Job Search Next Practices: Online Identity as Competitive Advantage

Posted by Jean Cummings

Jan 26, 2012 4:20:00 PM

Build out your online identity to get a job

You'd be surprised, but only about one out of 10 of the technology executive clients I speak to have a built-out online identity - that is, they show up in more places than just LinkedIn. The time is past when a progressing executive can afford to be invisible on the Web. In fact, a built-out Web presence can serve as a critical competitive advantage, whether you are in a job search mode or not. The one thing to remember is:

EVERYONE GOOGLES EVERYONE!

This is even more true of recruiters and hiring authorities. In fact, the executive resume may well be one of the last pieces of marketing content they see, following the LinkedIn profile, FaceBook, Twitter, and whatever else they turn up in a Google search of your name.

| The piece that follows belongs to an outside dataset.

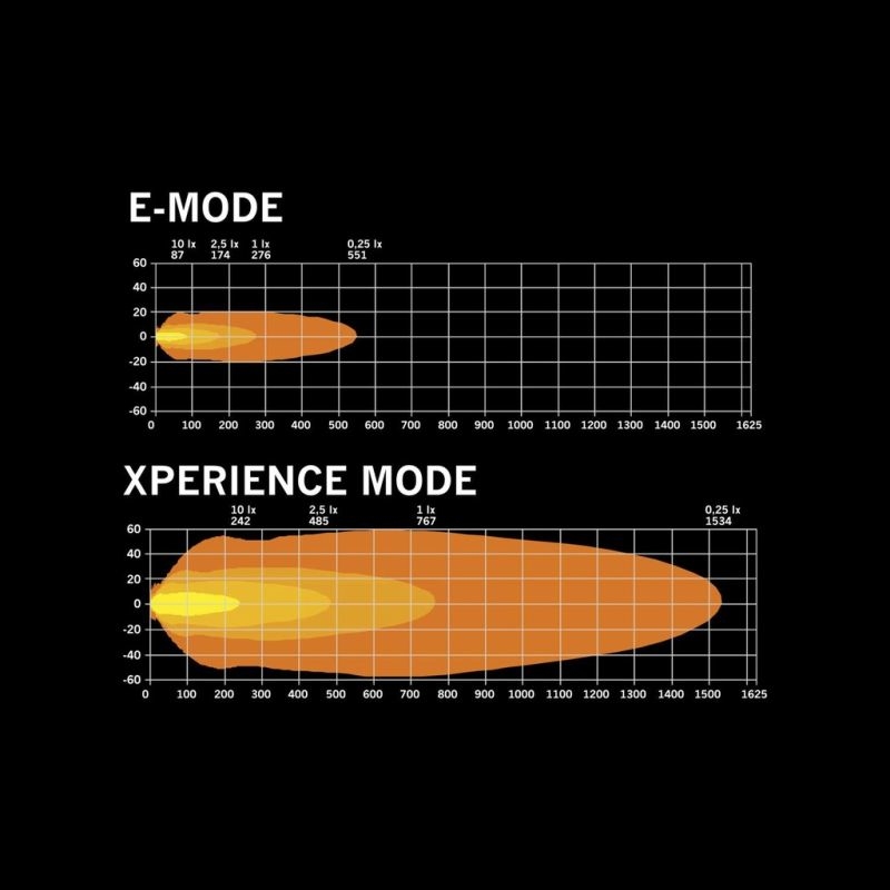 "De Siberia XPA Double Row 22" LED-lichtbalk produceert 11.500 lumen en heeft een bereik van meer dan 760 meter in de Xperience-modus. Het is een ware lichtbeleving met een lichtbundel die ver reikt. Dit betekent een verdubbeling van de lichtopbrengst ten opzichte van eerdere modellen en een zeer goede zichtbaarheid naar voren. Als u van een amberkleurige gloed houdt, hebben de XPA LED-lichtbalken een nieuw tweekleurig positielicht in amber en wit. Net als alle XP-producten beschikt hij over de Hello-functie. Met een snelle dubbele knipper van uw grootlicht geven de positielichten een Hello-signaal aan andere weggebruikers. De Siberia XPA is een duurzame toevoeging aan elk voertuig dankzij de slijtvaste materialen en de nieuwe poedercoating. Hij is IP-gecertificeerd IP68/IP69K, wat een hoge bescherming biedt tegen vuil en water. De installatie is eenvoudig dankzij de DT-4-connector en de kabel van 550 mm. De E-modus is E-goedgekeurd R149/148 met referentienummer 20. De XPA DR LED-lichtbalken vallen onder de garantie van Strands Lighting Division. 3 jaar functionele garantie. Voltage 10-32V DC Theoretical effect 200W Functions High beam, white and amber position light, separate hello function for position light Consumption specific function Xperience mode: 149W / E-mode: 22W / White position light: 16,9W / Yellow position light: 16,7W Theoretical lumen 13514lm Actual lumen E-mode: 1500lm / Xperience mode: 11500lm 1 lux @ E-mode: 276m / Xperience mode: 767m Color temperature 5700K Beam pattern Long-distance beam Beam angle 12,7° Connection DT-4PIN Cable length 550mm Color housing Black Color lens Clear Color LED´s White/amber Material bracket Aluminium alloy Material housing/chassi Aluminium Material lens Polycarbonate Length 565,4mm Depth 71,6mm Height 76mm Height including bracket 96,6mm Weight 2,6kg IP-class IP68/69K Operating temperature -35 - +60°C E-approved Yes According to regulation ECE R148,R149 Reference number 20 EMC ECE R10"

This fact is actually good when you consider that you are able to present yourself and your career brand in full-color 3-D. Let's look at the sought-after candidate of the future:

  • He doesn't just have a 100% complete LinkedIn profile, he takes advantage of everything LI can do. He adds a PowerPoint presentation to convey subject matter expertise or achievement. His Twitter feed on LI shows that he is in touch with what's going on in the industry and function. A video he embeds in his profile gives viewers a chance to see him in action and hear his voice. His Groups activity demonstrates once again that he is a player. He provides insightful Answers.
  • She has a Twitter profile and a significant following of at least hundreds of interested followers. Her tweets are a record of her professional interests, expertise, and resource sharing.
  • She skillfully blends professional and personal on her Facebook page, ensures that Timeline has a clean record of her comments, and puts up a profile on Monster's BeKnown.
  • He uses Slideshare or Sliderocket to store PowerPoint presentations.
  • He is on YouTube giving talks on his areas of subject matter expertise.
  • She may have tasteful photos on Flickr that show more of her life, including travels, family, etc.
  • He has profiles up on Jigsaw, ZoomInfo, and other similar sites.
  • He has an about.me page with URLs to properties where he can be found online.
  • She has her own personal website or blogsite where you can see her resume, testimonials, projects, leadership highlights, etc.
  • She blogs regularly on professional issues and comments on other people's blogs.

Perhaps a Google of Bing search will also turn up entries from press releases, published materials, speaking engagements, etc.

It simply will no longer be enough to just have a resume if you are embarked on a job search or seeking advancement within your own organization. So begin now to build out your online identity so that a search will find on-brand content you want people to see. If you do so at the dawn of 2012, you will have an edge on the competition.